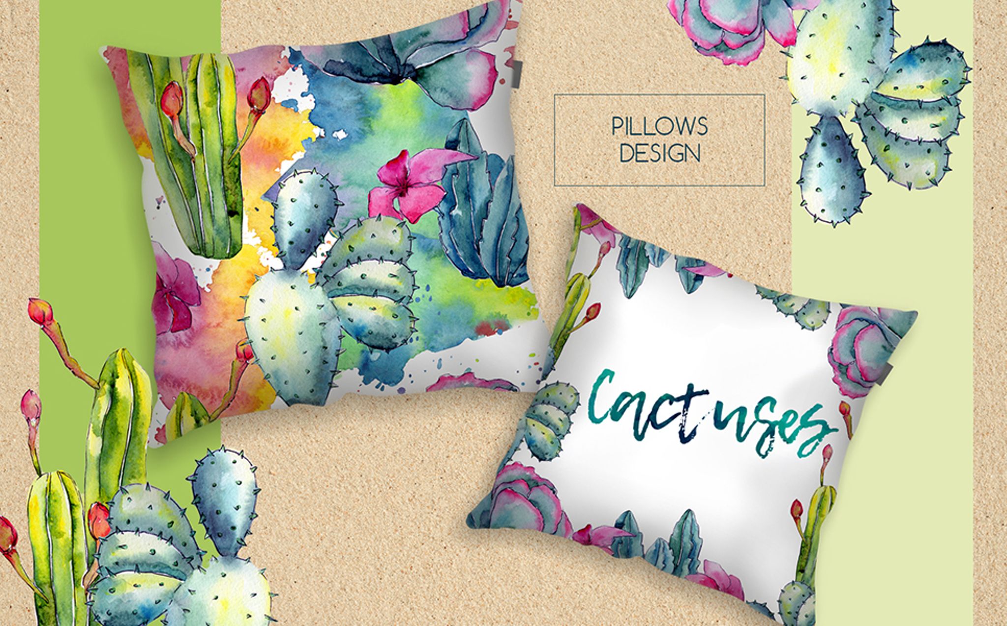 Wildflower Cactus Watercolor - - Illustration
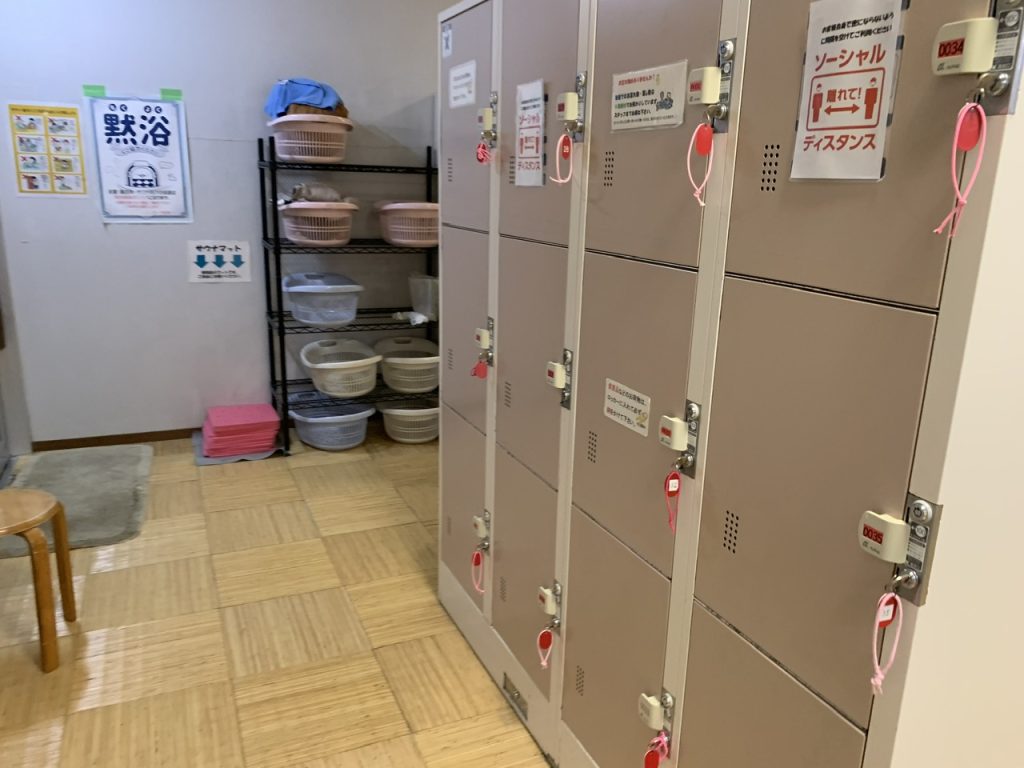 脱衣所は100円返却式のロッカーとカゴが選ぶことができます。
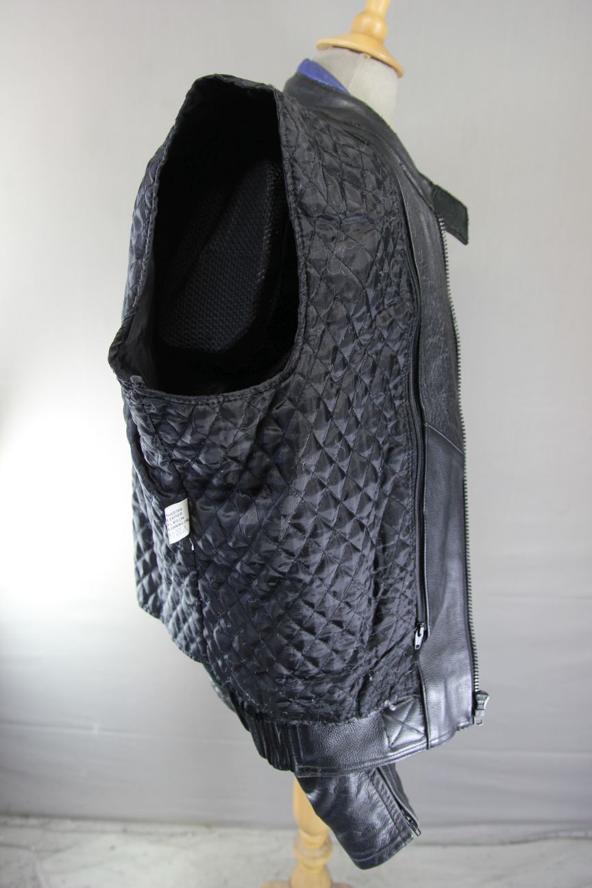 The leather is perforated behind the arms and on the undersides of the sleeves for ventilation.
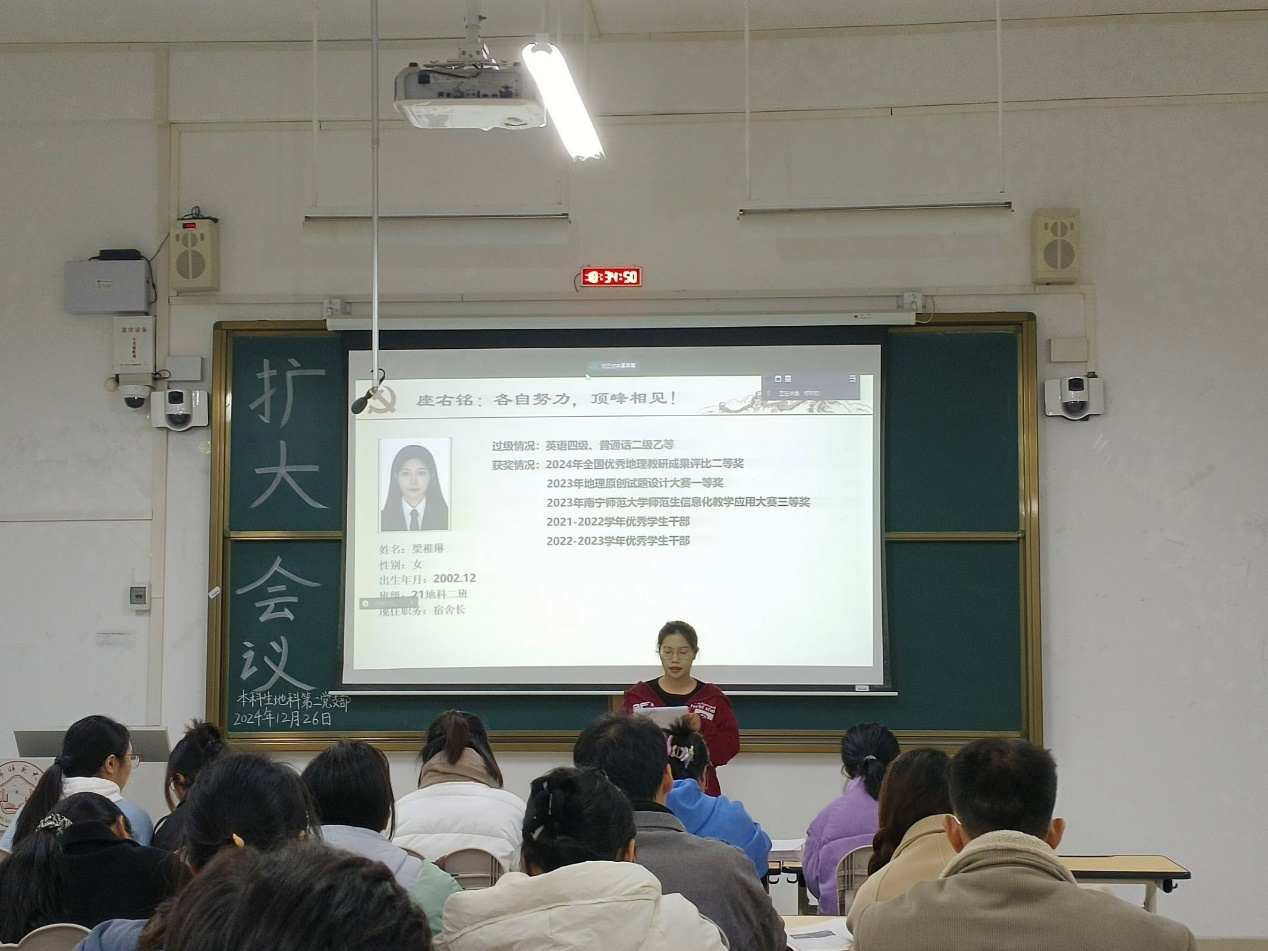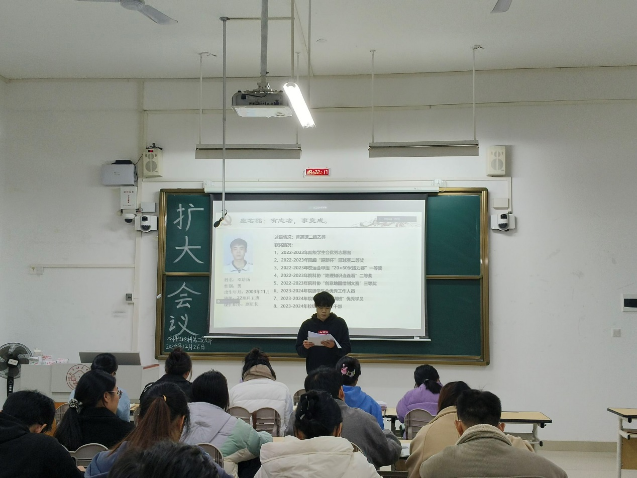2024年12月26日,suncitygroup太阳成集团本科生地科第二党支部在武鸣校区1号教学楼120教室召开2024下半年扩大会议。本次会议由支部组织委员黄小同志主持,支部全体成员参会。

==

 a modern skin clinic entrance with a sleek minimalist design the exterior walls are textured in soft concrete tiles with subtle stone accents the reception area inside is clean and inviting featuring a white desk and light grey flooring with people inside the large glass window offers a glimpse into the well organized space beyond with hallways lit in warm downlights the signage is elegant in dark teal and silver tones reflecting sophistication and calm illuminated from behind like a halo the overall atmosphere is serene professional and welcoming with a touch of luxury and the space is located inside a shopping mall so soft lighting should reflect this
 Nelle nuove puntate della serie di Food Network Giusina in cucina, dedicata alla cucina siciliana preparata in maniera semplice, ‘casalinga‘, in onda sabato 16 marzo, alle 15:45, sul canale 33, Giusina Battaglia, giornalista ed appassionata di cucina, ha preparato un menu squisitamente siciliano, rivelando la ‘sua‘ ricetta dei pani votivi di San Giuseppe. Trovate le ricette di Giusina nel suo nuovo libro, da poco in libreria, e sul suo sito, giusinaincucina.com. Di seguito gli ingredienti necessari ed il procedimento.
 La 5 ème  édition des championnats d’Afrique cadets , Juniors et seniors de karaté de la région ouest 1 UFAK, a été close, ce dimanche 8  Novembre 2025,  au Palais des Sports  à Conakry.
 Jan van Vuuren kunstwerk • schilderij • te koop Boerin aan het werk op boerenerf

* * *

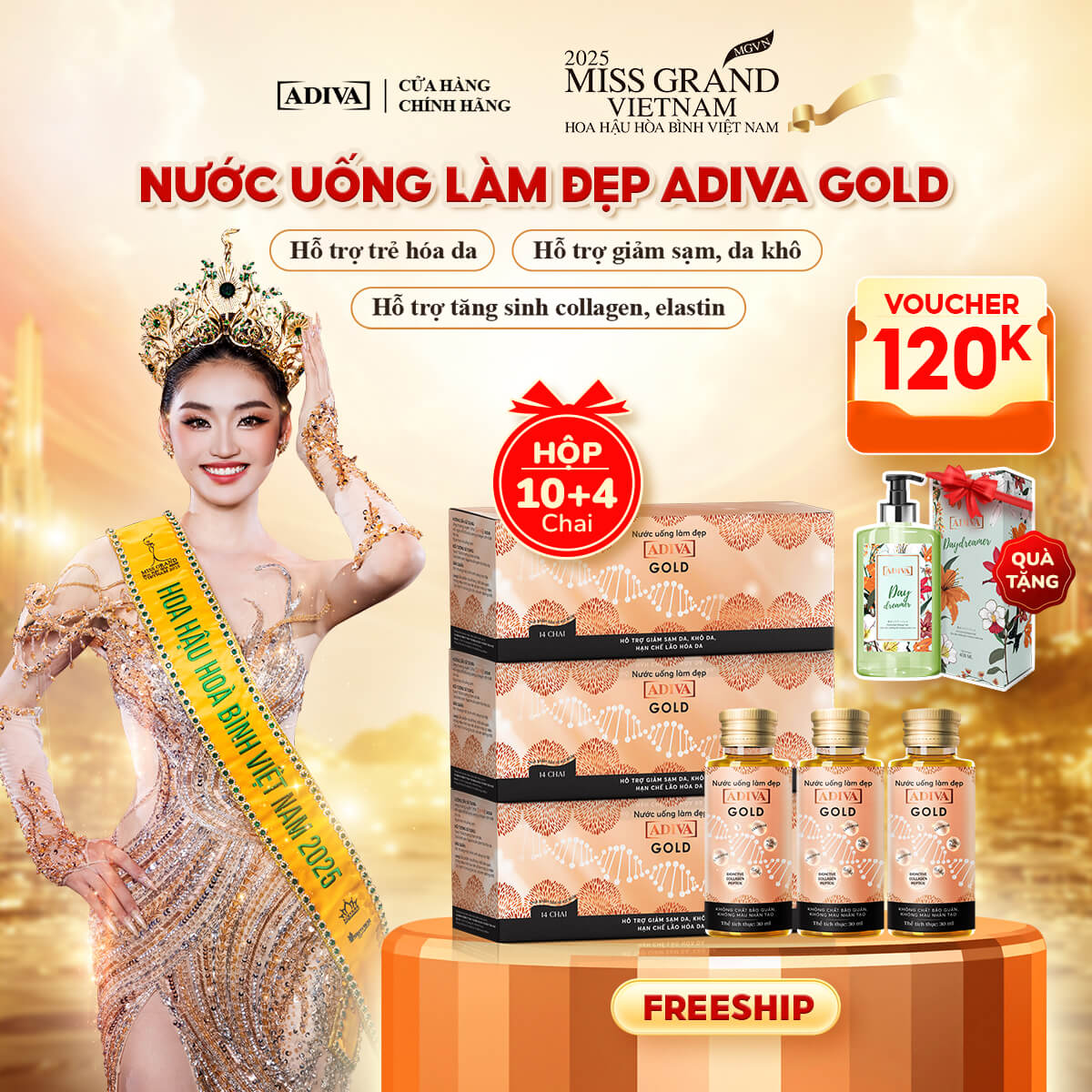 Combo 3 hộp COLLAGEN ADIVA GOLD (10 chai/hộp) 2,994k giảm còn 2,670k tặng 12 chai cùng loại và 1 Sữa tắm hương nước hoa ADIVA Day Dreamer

**Task brief**
Using the entries above, transcribe every line from the line containing "Wildflower Cactus Watercolor" through the line containing "2024年12月26日,su". Do not copy pictures.

**Answer to this exercise**
 Wildflower Cactus Watercolor - - Illustration
 脱衣所は100円返却式のロッカーとカゴが選ぶことができます。
 The leather is perforated behind the arms and on the undersides of the sleeves for ventilation.
2024年12月26日,suncitygroup太阳成集团本科生地科第二党支部在武鸣校区1号教学楼120教室召开2024下半年扩大会议。本次会议由支部组织委员黄小同志主持,支部全体成员参会。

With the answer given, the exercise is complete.